Mojo: Back in '85 when Springsteen did Nebraska and Johhny Cougar was saving all the farmers and stuff.. Wait, hold on a sec. (Mojo puts down phone to deal with kids again. In the background he can be heard saying "What'd I just say? When I say something I mean it!")

Wil: (to nobody in particular) This really is quite ironic.

Mojo: (returning to the phone) Awright.

Wil: So did your dad say "When I say something I mean it?"

Mojo: Yeah.. Yeah, I just found out that my cholesterol is 328.

Wil: You. you're not serious?

Mojo: I'm dead serious.

Wil: Literally!

Mojo: I went to the Doctor with a earwax problem.

Wil: And it turned out to be cholesterol?

Mojo: .And he said, "Well, let's check your cholesterol," and I somehow agreed to do it.

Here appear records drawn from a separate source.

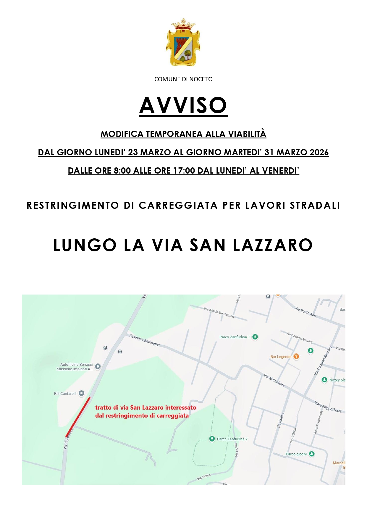 Via San Lazzaro: modifica temporanea alla viabilità da lunedì 23 marzo al 31 marzo dalle ore 8:00 alle ore 17:00 dal lunedì al venerdì per restringimento di carreggiata per lavori stradali.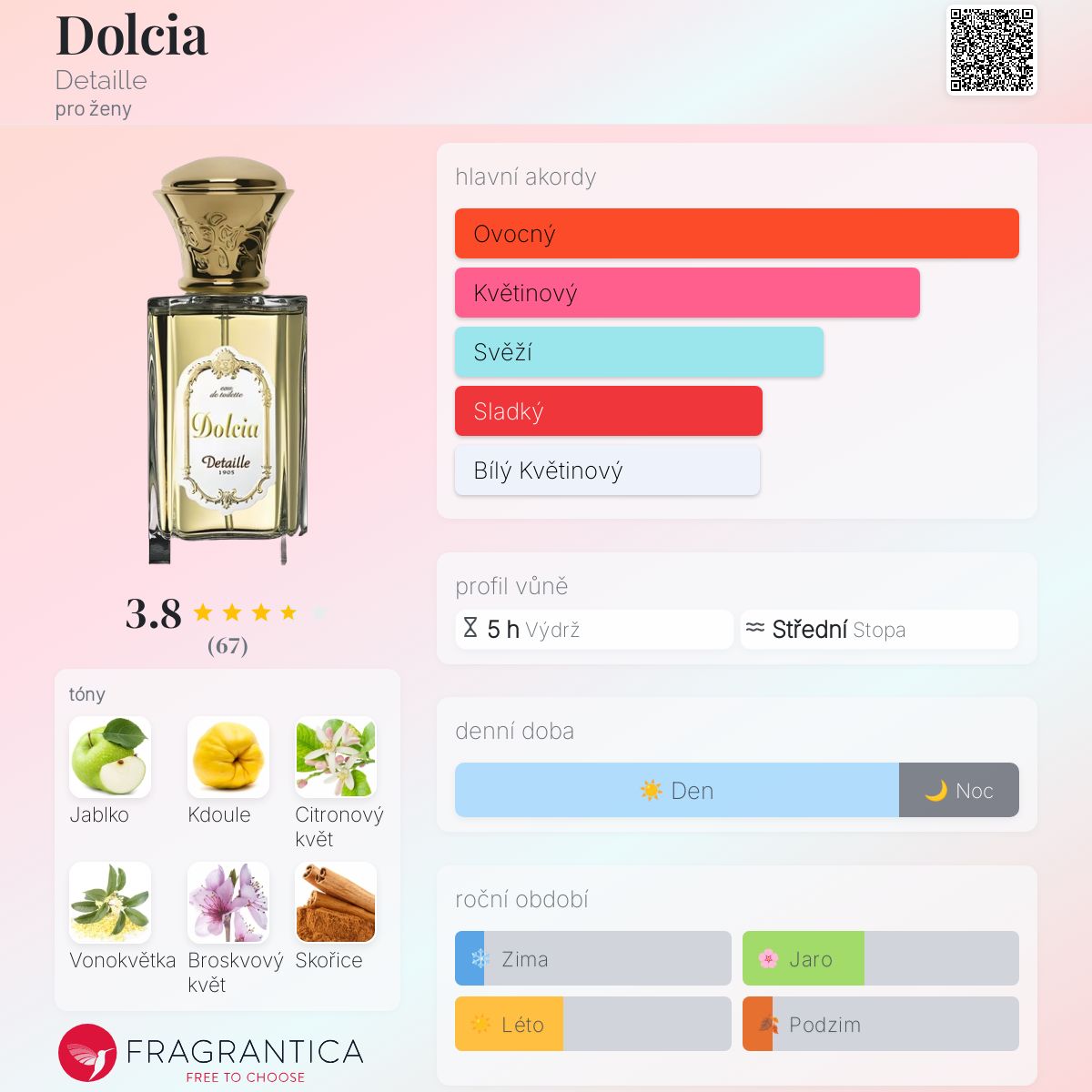 Dolcia podle Detaille je Floral Fruity vůně pro ženy. Vrchní tóny jsou Granny Smith jablko a Kdoule; střední tóny jsouCitronový květ, Broskvový květ, Skořice a Karafiát ; základní tóny jsou Vonokvětka, Virginský cedr a Jantar (ambra).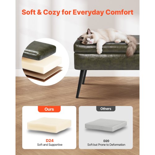 PU Leather Storage Ottoman Bench Shoe Seat with Storage & Metal Legs Green<br/>Premium Leather Upholstery<br/>Sturdy Leg Support<br/>High-Density Sponge Cushioning<br/>Versatile for Any Space<br/>Multiple Colors & Sizes Available<br/>Easy to Clean<br/>Leg Material: Iron,Materials: Leather + Sponge + Iron Tubes + Engineered Wood,Dimensions: D x W x H: 15.7 x 47.2 x 17.7 in / 400 x 1200 x 450 mm,Seat Top Thickness: 3.1 in / 80 mm,Main Color: Green,Weight Capacity: 660 lbs / 300 kg,Item Model Number: CWD0115CA-KD-GREEN,Surface Treatment: Black Powder Coating,Leg Color: Black,Seat Cushion: 50 mm / 2 in Thick, D24 Foam,Seat Base Thickness: 5.5 in / 140 mm,Net Weight: 26.5 lbs / 12 kg (including all accessories),Fabric: PU Leather,Side Cushions: D20 + D16 Foam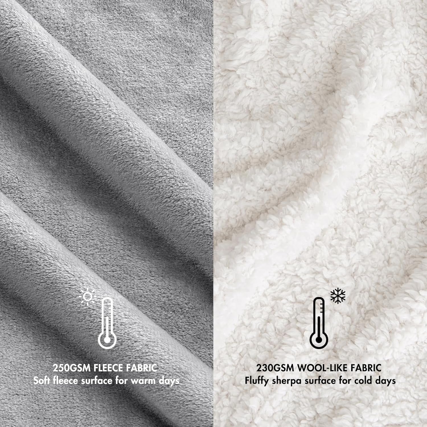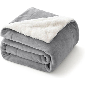 Patura Pufoasa MIULEE, Groasa, Sherpa, Lana, cu Dungi, 130 x 150 cm, culoare Gri si Alb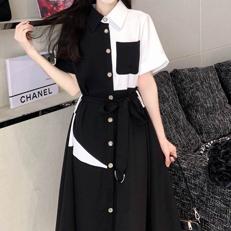 ワンピース レディース シャツワンピース ミディアム丈 ロング丈 袖あり 半袖 フレア Aライン 切り替えデザイン アシンメトリー ドッキング ウエストマーク ウエストベルト ウエストリボン きれいめ 上品 おしゃれ お洒落 かっこいい 個性的 主役級 存在感 M L XL 2XL 3XL 4XL 大きいサイズ ブラック ホワイト 黒 白 モノトーン バイカラー 夏 10代 20代 30代 40代 デート お出かけ 休日 パーティー イベント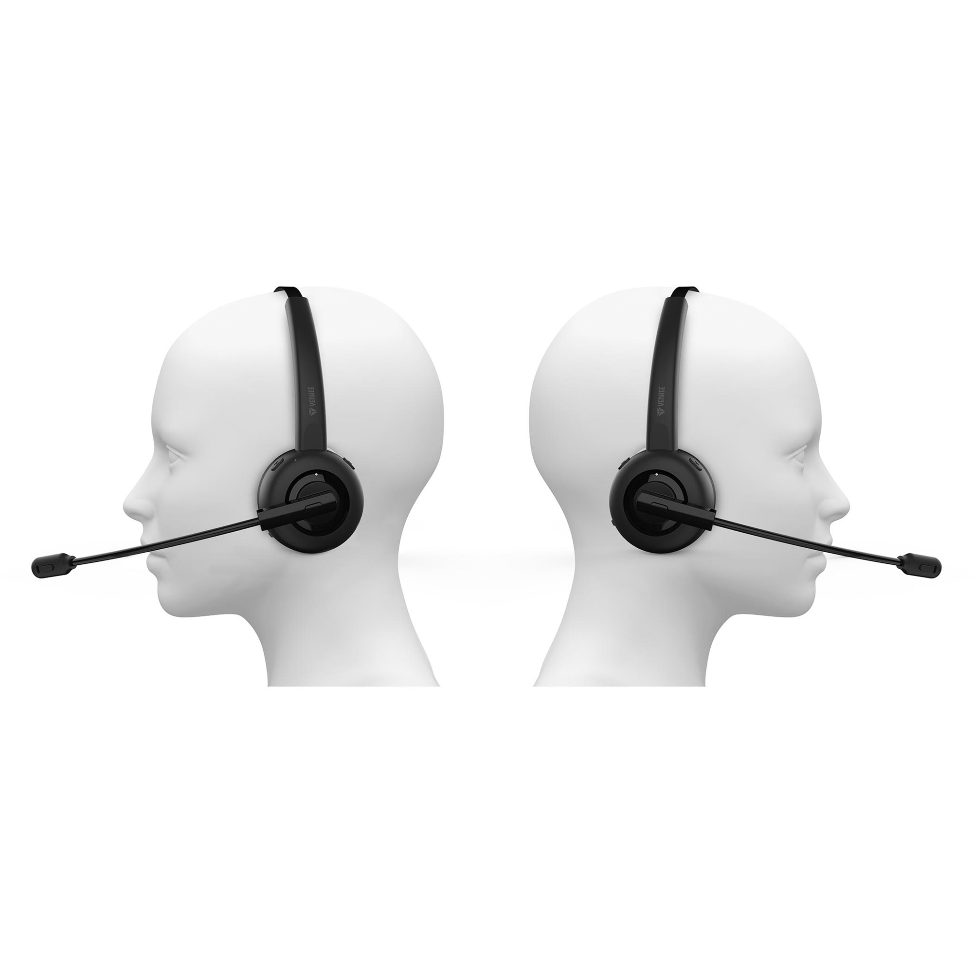 Możesz mnie nosić na którymkolwiek uchu. Mój obrotowy mikrofon współpracuje zarówno z lewym, jak i prawym uchem, a znalezienie idealnego kąta dla optymalnego dźwięku nie stanowi problemu. Skórzane wkładki do uszu są nie tylko na pokaz, ale służą również zmniejszeniu hałasu w pomieszczeniu. Uważam mój uniwersalny przycisk regulacji głośności za coś oczywistego. Do usłyszenia.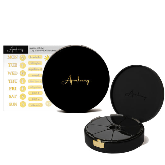 You have countless customization options using the Aposhacary sticker sheet, included for FREE with the purchase of any pill organizer case. Most pill organizers come with pre-marked compartments for days of the week. Using our stickers, you can customize each compartment in a way that works for YOU.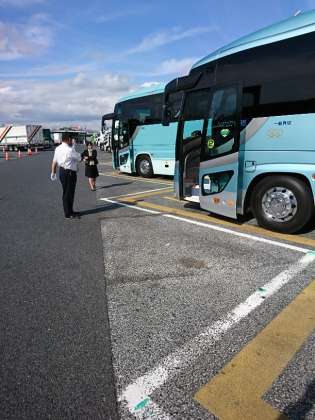 海老名サービスエリアに15時30分到着しました。15時45分出発予定です。先ほど14時30分到着予定は誤りです。学校到着予定時間は16時30分です。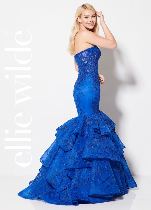 Strapless embroidered tulle mermaid gown with a sweetheart neckline, corset bodice, natural waist, tiered skirt with a horsehair hem and stone accents throughout.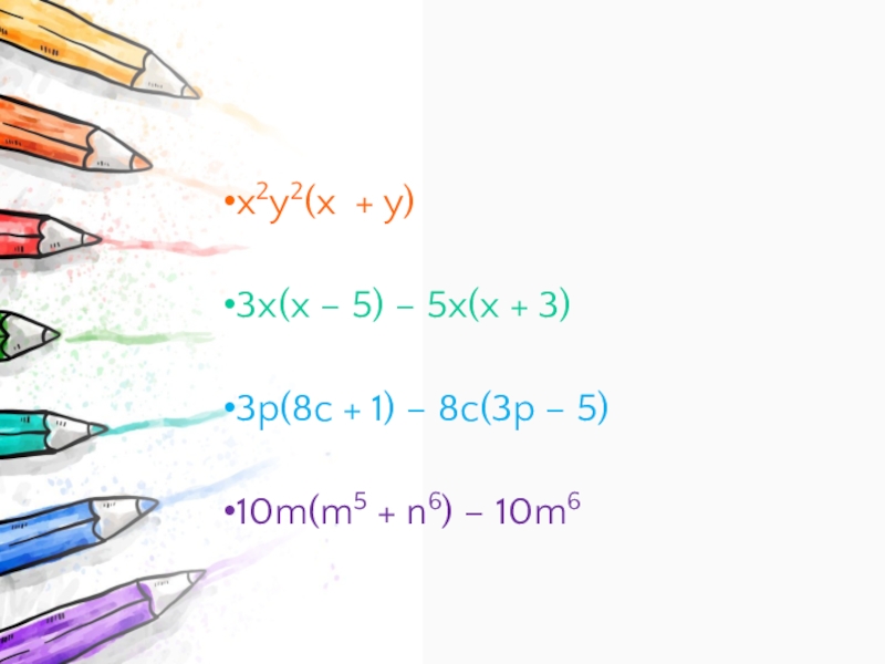 x2y2(x + y)3x(x – 5) – 5x(x + 3)3p(8c + 1) – 8c(3p – 5)10m(m5 + n6)

So now I have to, you know, eat more fish, and eat more chicken, I gotta exercise and take these damn pills. (no form of text markup can really denote the derision that Mojo applies to the words "fish," "chicken" and "exercise.")

Wil: I've got some salmon recipes you might like.?

Mojo: Well, I like fish.

Wil: .And that's supposed to lower cholesterol.

Mojo: .But I really like deep fried pork covered cheese sauce!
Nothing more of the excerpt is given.